Lecture 8

Simulation

A quick overview before our last lecture!

How to deal with uncertainty?

  • So far, we have seen different tools to communicating an uncertain outcome (i.e., a random variable):

    • Probability mass or density function.
    • Odds.
    • Mode.
    • Entropy.
    • Mean.
    • Variance/standard deviation.

However…

  • Sometimes, it is difficult to compute them.
  • In these situations, we can use simulation.

  • Note this lecture will be conducted in R and Python.

Today’s Learning Goals

By the end of this lecture, we will be able to…

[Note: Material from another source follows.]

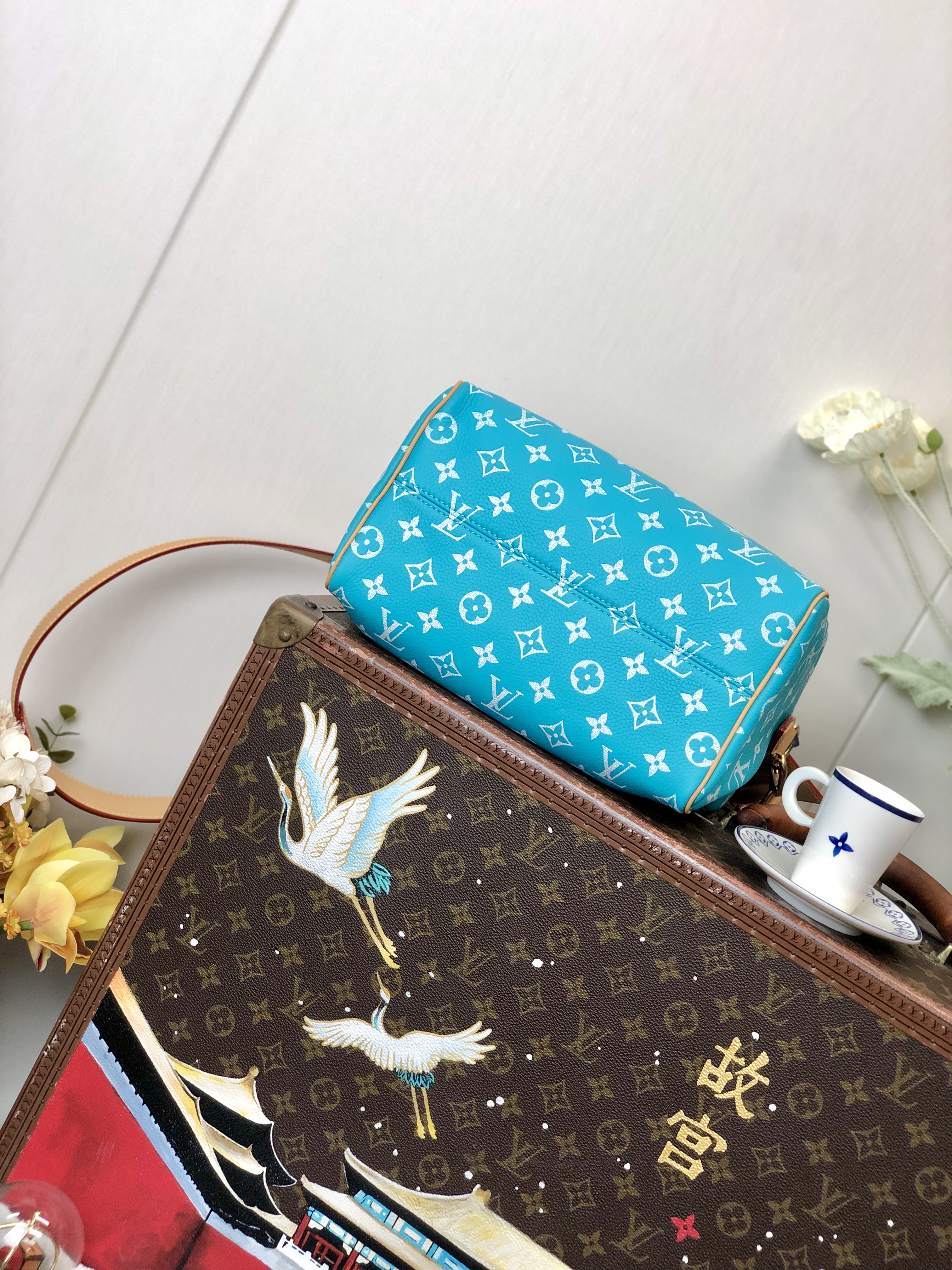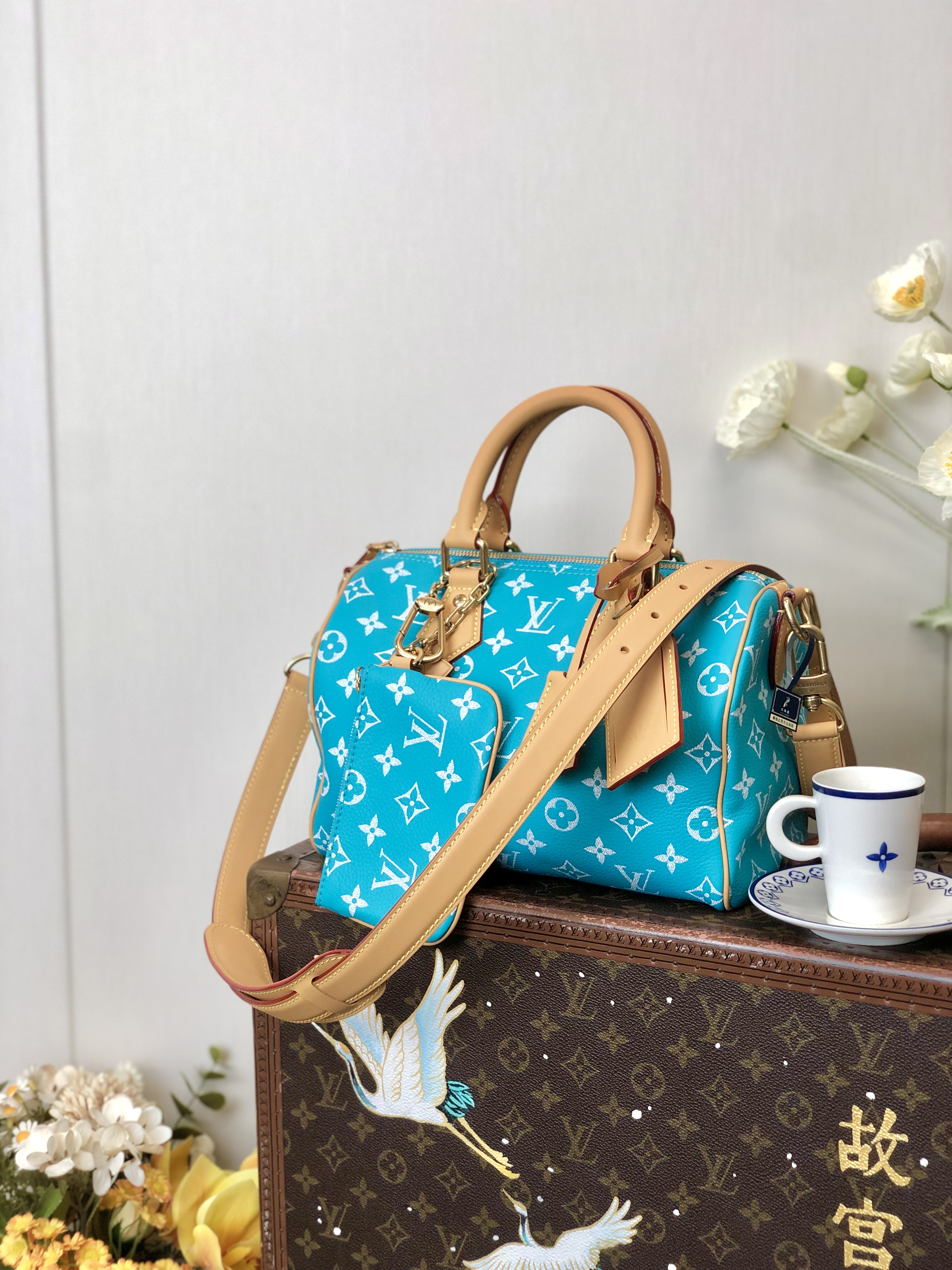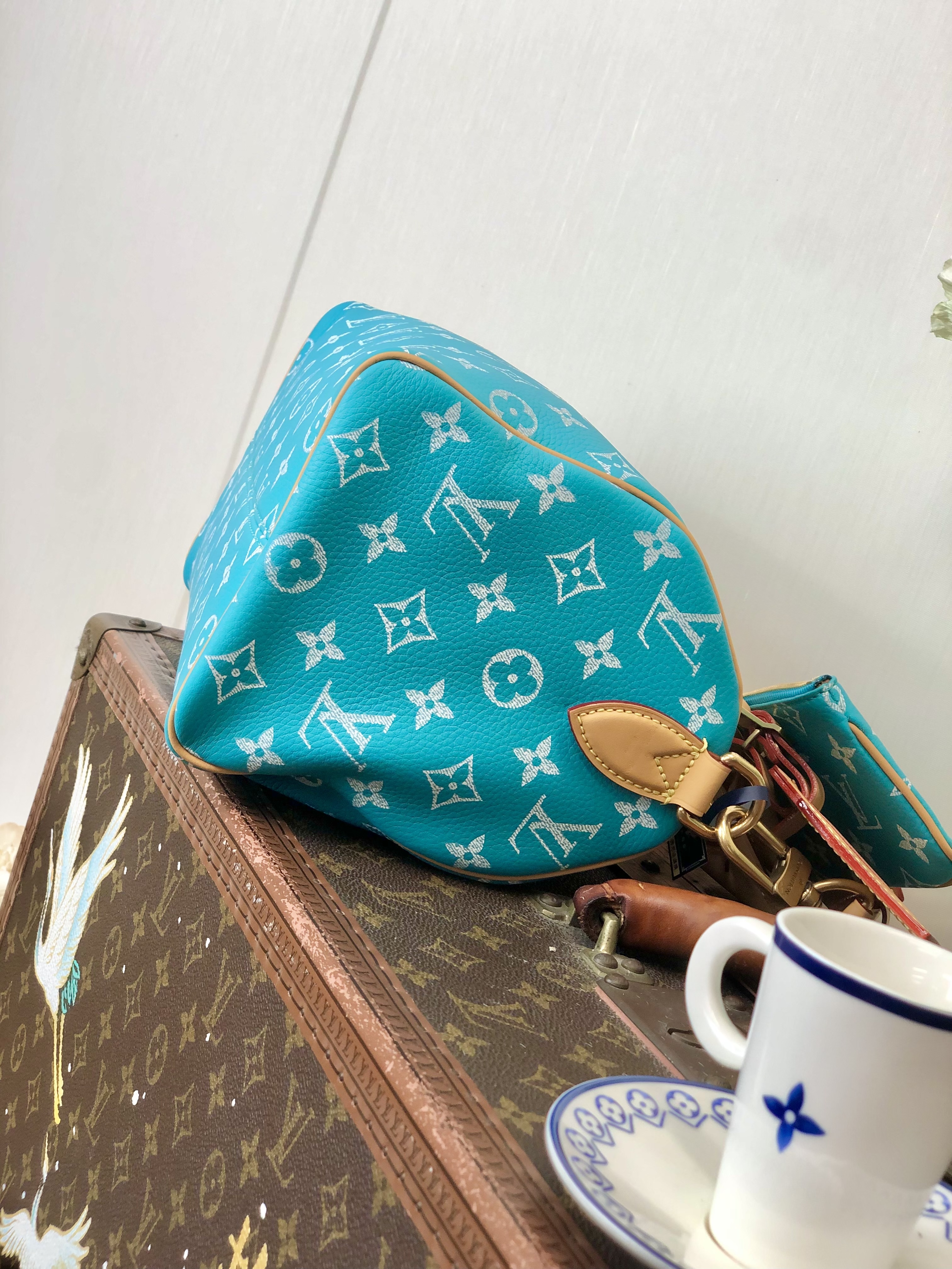 Copy NIGO Louis Vuitton Women's Fashion Classic Lake Blue Logo Zipper Closure Leather Shoulder Bag Handbags In Small Medium And Large Sizes Crossbody Bag Bags #nigo78664

  • Generate a random sample from a discrete distribution in both R and Python.
  • Reproduce the same random sample each time you re-run your code in either R or Python by setting the seed or random state.
  • Evaluate whether or not a set of observations are independent and identically distributed (iid).

And…

  • Use simulation to approximate distribution properties (e.g., mean and variance) using empirical quantities, especially for random variables involving multiple other random variables.
  • Argue why simulations can approximate true properties of a stochastic quantity.

Outline

  1. Review on Random Samples
  2. Seeds
  3. Generating Random Samples: Code
  4. Running Simulations
  5. Multi-Step Simulations

1. Review on Random Samples

  • A random sample is a collection of random outcomes/variables.
  • A random sample of size \(n\) is usually depicted as \(X_1, \ldots, X_n\).
  • Some examples of random samples are listed as follows:
    • The outcomes of ten dice rolls (\(n = 10\)).
    • The daily high temperature in Vancouver for each day of the year (\(n = 365\)).

Heads-up!

  • Unless we make additional sampling assumptions, a default random sample is said to be independent and identically distributed (or iid).
  • Moreover, the word stochastic refers to having some uncertain outcome.
  • The opposite of stochastic is deterministic: an outcome that will be known with 100% certainty.

2. Seeds

  • Computers cannot actually generate truly random outcomes.
  • Instead, they use something called pseudorandom numbers.
  • As an example of a basic algorithm that produces pseudo-random numbers between 0 and 1, consider starting with your choice of number \(x_0\) between 0 and 1, and iterating the following equation:

\[x_{i+1} = 4 x_i (1 - x_i).\]

The output

  • Random numbers between 0 and 1.
  • For example, here is the resulting sequence when we start with \(x_0 = 0.3\) and iterate \(n = 1000\) times:

Plotting values from vector x

Some additional highlights!

  • Although the previous sequence is deterministic, it behaves like a random sample.
  • But not entirely! All pseudorandom number generators have some pitfalls.
  • In this example, one pitfall is that neighbouring pairs are not independent of each other.

The seed or random state

  • The seed (or random state) in a pseudo-random number generator is some pre-specified initial value that determines the generated sequence.
  • In R, we can set the seed using the set.seed() function.
  • In Python, we can use numpy.random.seed() from numpy.
  • The seed gives us an added advantage over truly random numbers: it allows our analysis to be reproducible!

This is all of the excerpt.